Working Theory

by Michael Reed


I do employment law for the Free Representation Unit.


michael at


Why we need judges to have discretion

06 May 2015

Cranwell v Cullen is a classic example of why absolute procedural rules are a menace.

As all employment lawyers know, to bring most claims in the employment tribunal, you must first contact ACAS, in order that Early Conciliation might occur. You don’t actually have to engage with conciliation – and neither does the employer – but you must complete the form.

Unsurprisingly a significant proportion of the public does not know this.

Maybe that’s why, when Ms Cranwell wished to bring a claim against her employer for sexual harassment, she did not contact ACAS. Perhaps she wasn’t aware of the requirement at all. Perhaps she assumed that where conciliation was obviously pointless there was no need.

Perhaps she assumed that there was an exception for claimants who were alleging that they had been physically assaulted by their employer.

She was wrong. That’s not what the law says. And therefore Cranwell v Cullen is a sorry account of her being told that, first by the tribunal Judge and then by the President of the Employment Appeal Tribunal.

Both of them, in my humble opinion, are absolutely right about the law. There simply is no discretion. As the President notes ‘The question … is not one of sympathy; the question is one of the law which is applicable.’

But the law itself is wrong. It’s wrong in the specific. Nobody who has suffered serious sexually harassment should be forced to start a conciliation process that will inevitably bring them into contact, albeit indirect contact, with the person who harassed them.1

But it’s wrong in the general as well. Judges should be there to apply judgment. It’s right there in the name.
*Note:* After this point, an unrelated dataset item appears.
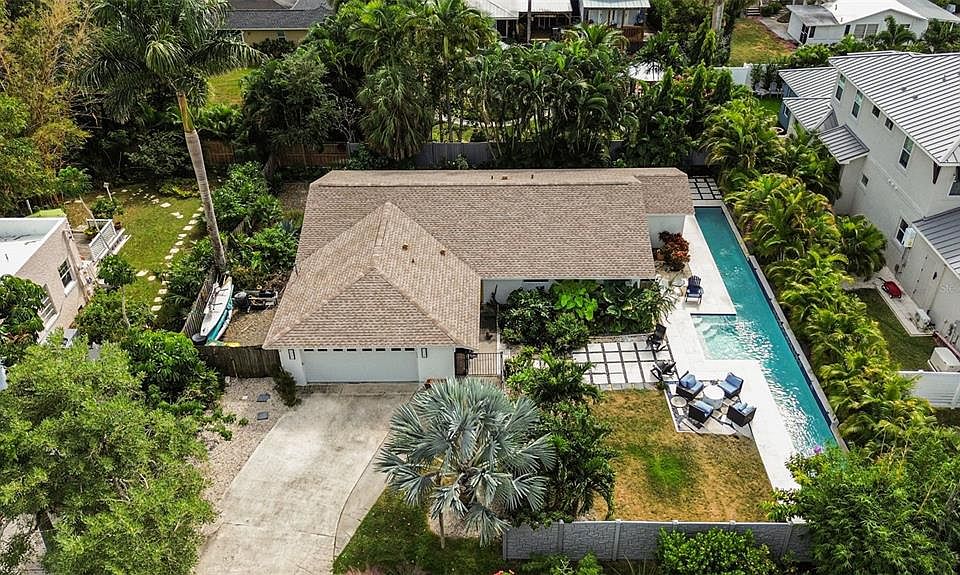 Alert! An outstanding WEST OF THE TRAIL gem has hit the market! This lavishly maintained and updated property is located in one of the most prized neighborhoods in Sarasota! Within easy biking/walking distance of the fine dining, boutique shops, farmers markets, cantinas, and art galleries of downtown Sarasota, this home provides a one-of-a-kind way to experience the best that Sarasota has to offer! This home has seen many improvements over the years. You will notice the brand new kitchen with state-of-the-art appliances, as well as the renovated bathrooms, impact windows and doors for peace of mind, as well as a new roof only a few weeks ago, this October 2025, and of course, the iconic gunite salt-water heated lap pool! The home is equipped with a whole-house water filtration system as well as an irrigation system; neither you nor your beautiful garden will go thirsty! Thoughtfully designed exterior features landscaping for privacy in the backyard, as well as a lovely courtyard-style patio by the pool, and finally, the 1.5-car garage is equipped with a 220 outlet for EV charging. Whether you’re enjoying the sun-filled mornings by the pool or taking a walk to the Bayfront for a cocktail at sunset, this home in the heart of Sarasota is the lifestyle you’ve been waiting for!

The Employment Judge should have been able to say ‘There is a rule. You haven’t followed it. But this is obviously an unusual case and having considered all the facts I’m going to let you continue.’ He couldn’t do that, because the rule doesn’t allow any discretion. That is wrong, because there are always unusual or exceptional cases where the normal rule will create unfairness or injustice. Judges are there to identify those circumstances and to make sure fairness prevails. The rules have to give them space to do so.

  1. It’s worth noting that the Statutory Dispute Resolution Rules were actually better on this. Regulation 11 of the Employment Act 2002 (Dispute Resolutions) 2004 provided an exception where there had been harassment and the claimant reasonably believed that complying with the procedure would lead to further harassment.